Я сидел в своей мансарде за столом, перечитывал одно за другим письма баронессы, и сердце мое сжималось от сострадания к ней. Что за отчаявшаяся душа! Ее внутренняя сила оставалась неизрасходованной, ее таланты не находили выхода, точь-в-точь как и мой. Вот откуда идет наша взаимная симпатия. Я страдал, если можно так выразиться, через нее, она превратилась для меня в некий болетворный орган, который приложили к моей страждущей, искалеченной душе, уже не способной самой по себе испытать жестокое наслаждение от мук.
Но что же такое она сделала, чтобы потерять мое сочувствие? Терзаемая ревностью, что было вполне естественно, она пожаловалась мне на свой разлад с мужем. А в ответ я ее оттолкнул, говорил с ней грубо, вместо того чтобы ее образумить, что было легко сделать, поскольку, как заверял меня барон, она предоставила ему полную свободу в их супружеских отношениях.

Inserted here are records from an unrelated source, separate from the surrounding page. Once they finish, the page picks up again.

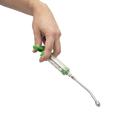 Stress-Free Drenching – Our syringe drenching gun has a long chrome drencher tip, allowing you to deposit liquid medication direct to the animal’s throat, behind their teeth, to prevent biting or spitting. No stress, less waste, and fewer acidents.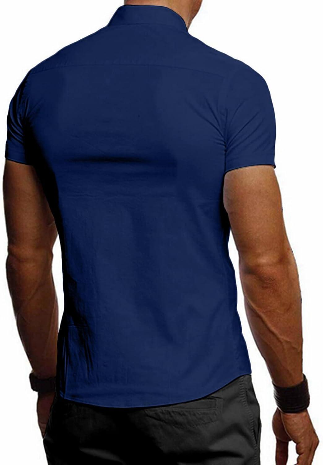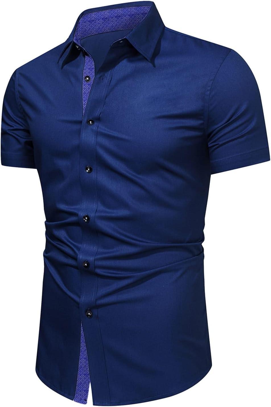 JMIERR Men’s Casual Button Down Shirts Wrinkle-Free Short Sleeve Business Dress Shirt(Blue 3)
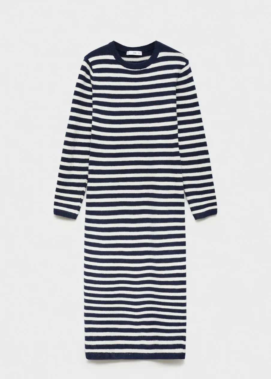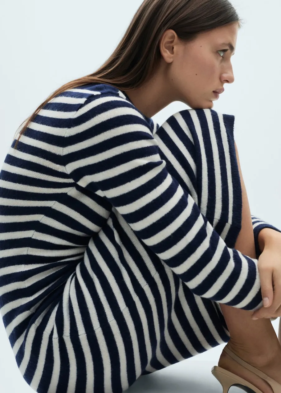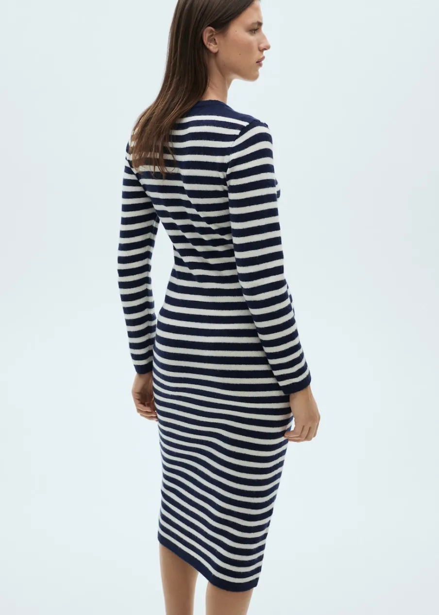 Dzianina średniej grubości. Wzór w pasy. Model prosty. Krój do kolan. Okrągły dekolt. Długi rękaw. Modelka ma 177 cm wzrostu i nosi rozmiar S/36.

Мною овладела безграничная жалость к этой женщине, которая, видимо, хранила в душе своей не одну горестную тайну и страдала от каких-то аномалий своего психического и физического развития. И в тот момент мне показалось, что я буду глубоко неправ, если позволю ей плыть по течению. Тут меня охватило полное отчаяние, и я решил, что обязан ей написать, попросить у нее прощения и умолять забыть происшедшую между нами ссору, а дурное впечатление, которое эта сцена не могла не оставить, посчитать недоразумением. Но у меня не нашлось нужных слов для этого письма, перо в моей руке не двигалось, и я, изнемогая от усталости, бросился на диван.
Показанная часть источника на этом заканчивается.